◆ WHAT YOU SHOULD DO: Reproduce the following data exactly, minus any images.

◆ DATASET CONTENT:

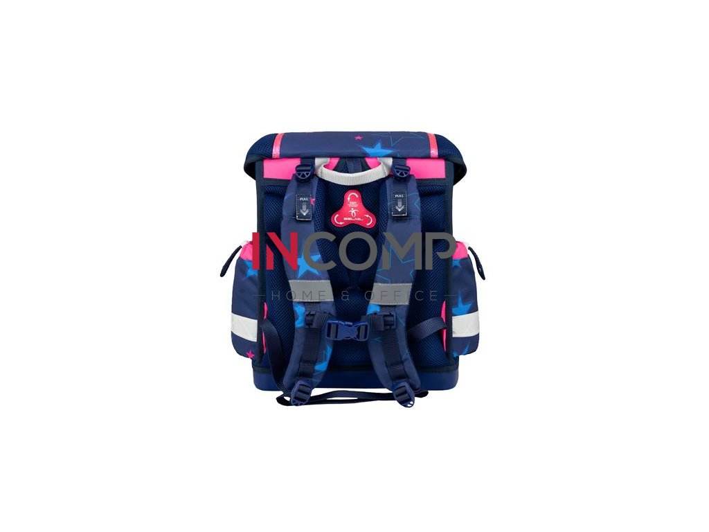3 vnútorné priehradky (vhodné pre knihy formátu A4) + 1 priehradka na rozvrh + 2 bočné vrecká (na dáždnik a fľašu s objemom 0,7 litra)
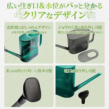 ・細かい吐口なので柔らかな吐水で均一に植物に優しく散布でき、土の飛び散りを防ぎます。(先端部分は2WAY仕様)
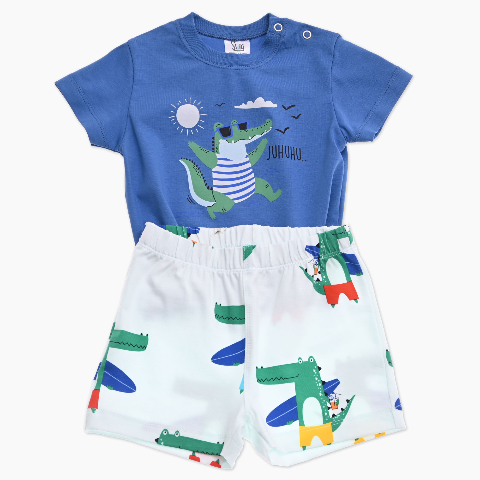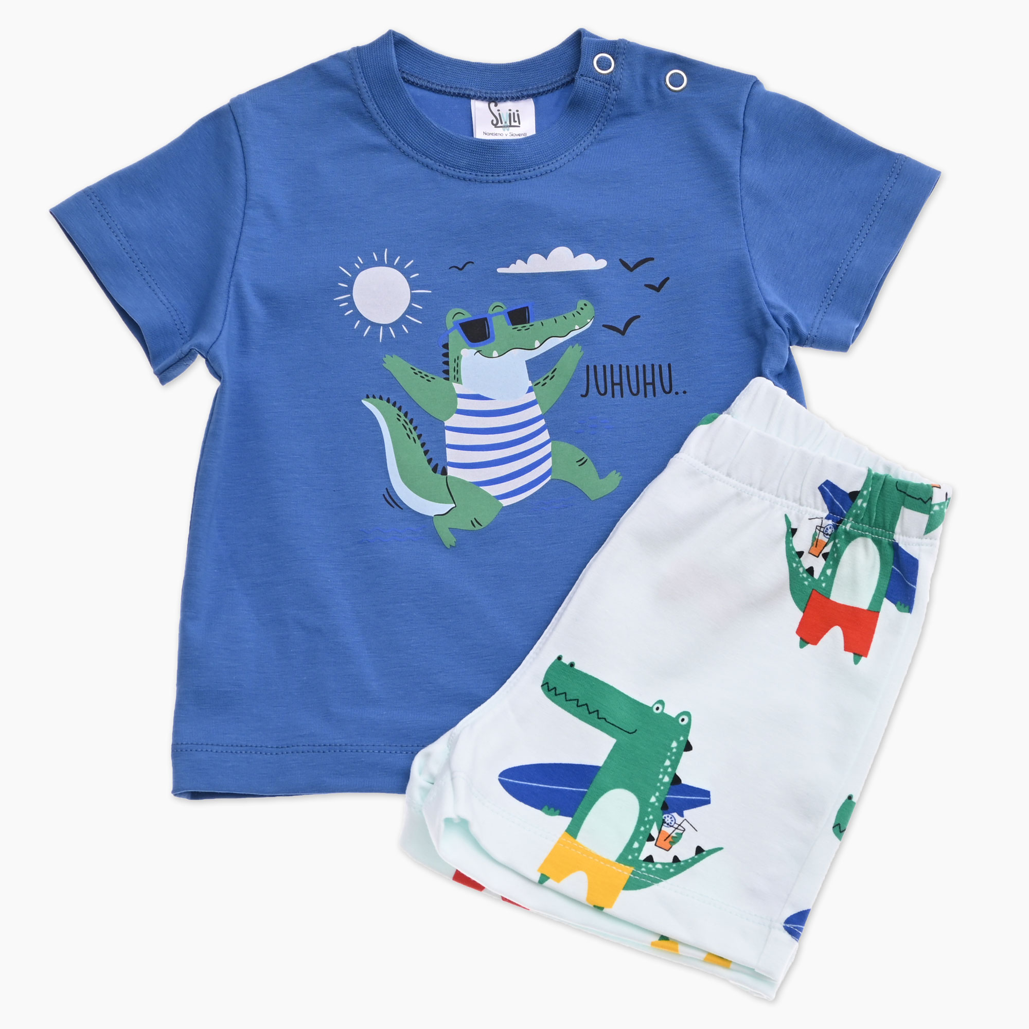 Otroški komplet za dojenčka s kratkimi hlačami, ki jih krasi tisk krokodilov in modro majico s tiskom krokodila, ki se zabava. Izdelano v Slovenij

◆ ANSWER TO THIS TASK:
3 vnútorné priehradky (vhodné pre knihy formátu A4) + 1 priehradka na rozvrh + 2 bočné vrecká (na dáždnik a fľašu s objemom 0,7 litra)
 ・細かい吐口なので柔らかな吐水で均一に植物に優しく散布でき、土の飛び散りを防ぎます。(先端部分は2WAY仕様)
 Otroški komplet za dojenčka s kratkimi hlačami, ki jih krasi tisk krokodilov in modro majico s tiskom krokodila, ki se zabava. Izdelano v Slovenij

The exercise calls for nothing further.